En el corazón del Mediterráneo y de esta extraordinaria ciudad, que conoce bien la miseria y la grandeza del corazón, nos hemos inclinado ante las heridas del mundo. Hay una enfermedad que todo lo contamina y que se llama violencia. La violencia es la oscura compañera cotidiana de demasiados hombres y mujeres de nuestro planeta. Hay guerras, terrorismo, pobreza y desesperación, abuso del planeta. Se nutre desprecio, se aturde en el odio, se mata la esperanza y se siembra miedo, se golpea a los inocentes, se desfigura la humanidad. La violencia es una tentación para el corazón del hombre, que le dice: «no puede cambiar nada». Este pesimismo hace creer que es imposible vivir juntos.
Desde Nápoles podemos decir con más fuerza que ayer que quien usa el nombre de Dios para odiar al otro, para cometer actos de violencia, para hacer la guerra, blasfema contra el nombre de Dios.
Como nos dijo Benedicto XVI: «No se puede justificar nunca el mal y la violencia invocando el nombre de Dios».
Inclinándonos ante nuestras tradiciones religiosas, hemos escuchado el dolor del sur del mundo, y hemos experimentado el peso del pesimismo que se eleva desde el siglo XX con su carga de guerras y de ilusiones caídas. Se necesita la fuerza del Espíritu de amor que ayuda a reconstruir y reunir una humanidad divida. La fuerza del espíritu cambia el corazón del hombre y la historia.
Entrando en lo profundo de nuestras tradiciones religiosas, hemos redescubierto cómo, sin diálogo, no hay esperanza, y uno queda condenado al miedo al otro. El diálogo no anula las diferencias.
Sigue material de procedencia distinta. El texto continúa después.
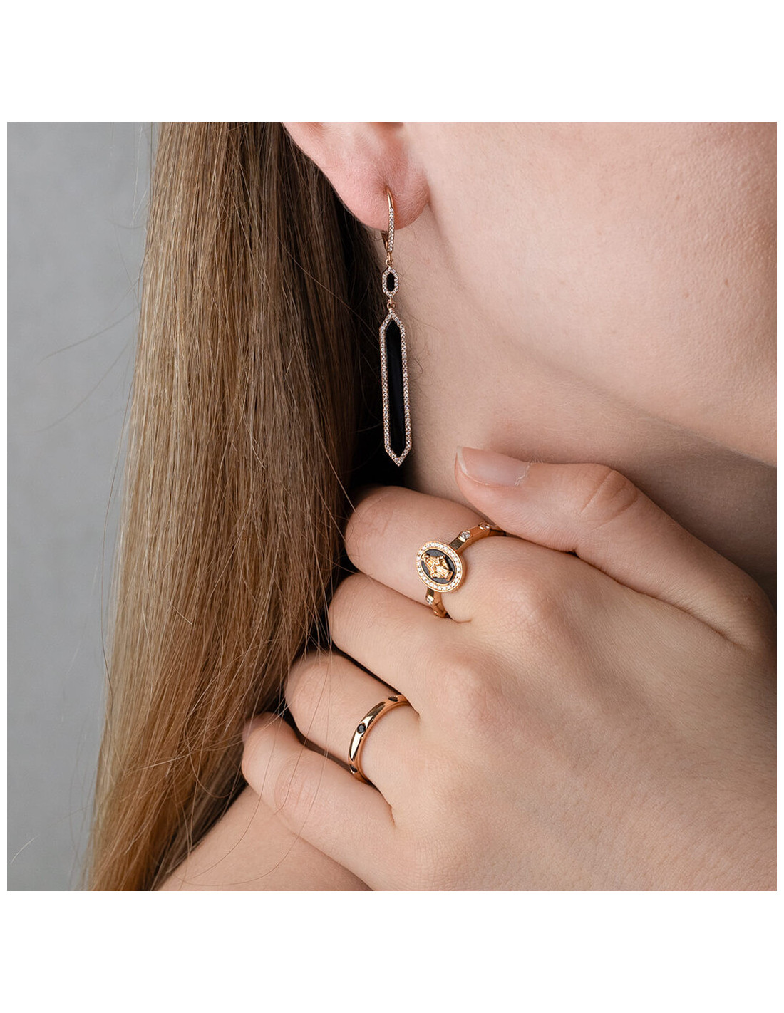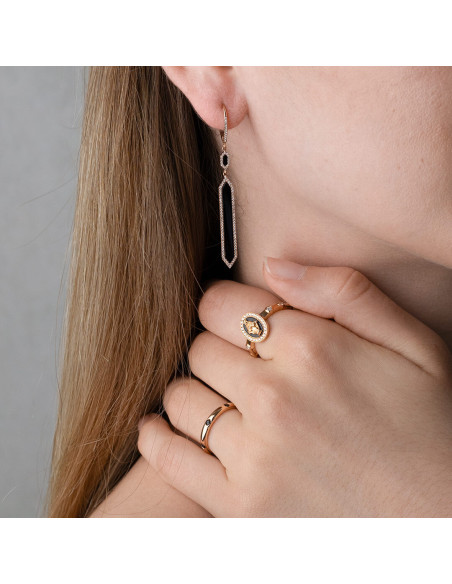 Compra este look de diamantes, onix y espinelas. Compuesto de dos anillos y pendientes. Un look sofisticado para cualquier ocasión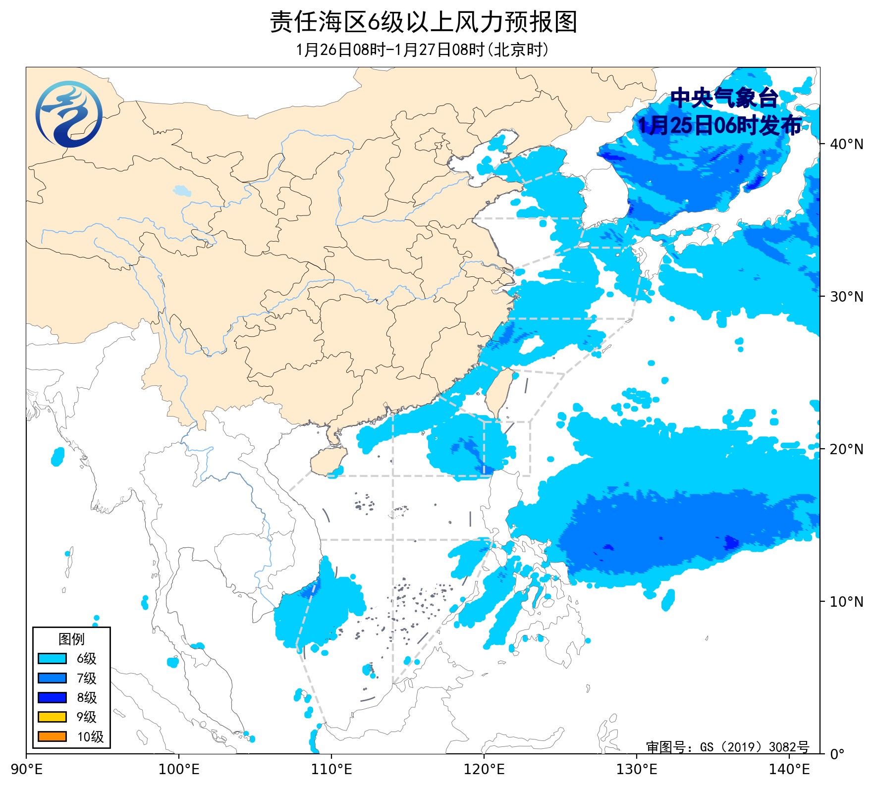 26日08时至27日08时,东海南部海域将有4~5级增大到6~7级、阵风8级的偏北风,渤海海峡、黄海北部和中部海域将有4~6级、阵风7级的偏北到西北风,东海北部海域、南海西南部海域将有4~6级、阵风7级的偏北到东北风,巴士海峡、南海东北部海域将有5~6级、阵风7级的偏东到东北风。

El diálogo enriquece la vida y deshace el pesimismo que lleva a ver en el otro una amenaza. El diálogo no es la ilusión de los débiles, sino la sabiduría de los fuertes que saben confiar en la fuerza débil de la oración: la oración cambia el mundo y el destino de la humanidad. El diálogo no debilita la identidad de nadie, sino que mueve a cada uno a ver lo mejor del otro. Nada se pierde con el diálogo, todo es posible con el diálogo.
A quien sigue matando, a quien sigue sembrando terrorismo y hace la guerra en el nombre de Dios, le repetimos: «¡Alto! ¡No matéis! La violencia es siempre un fracaso para todos».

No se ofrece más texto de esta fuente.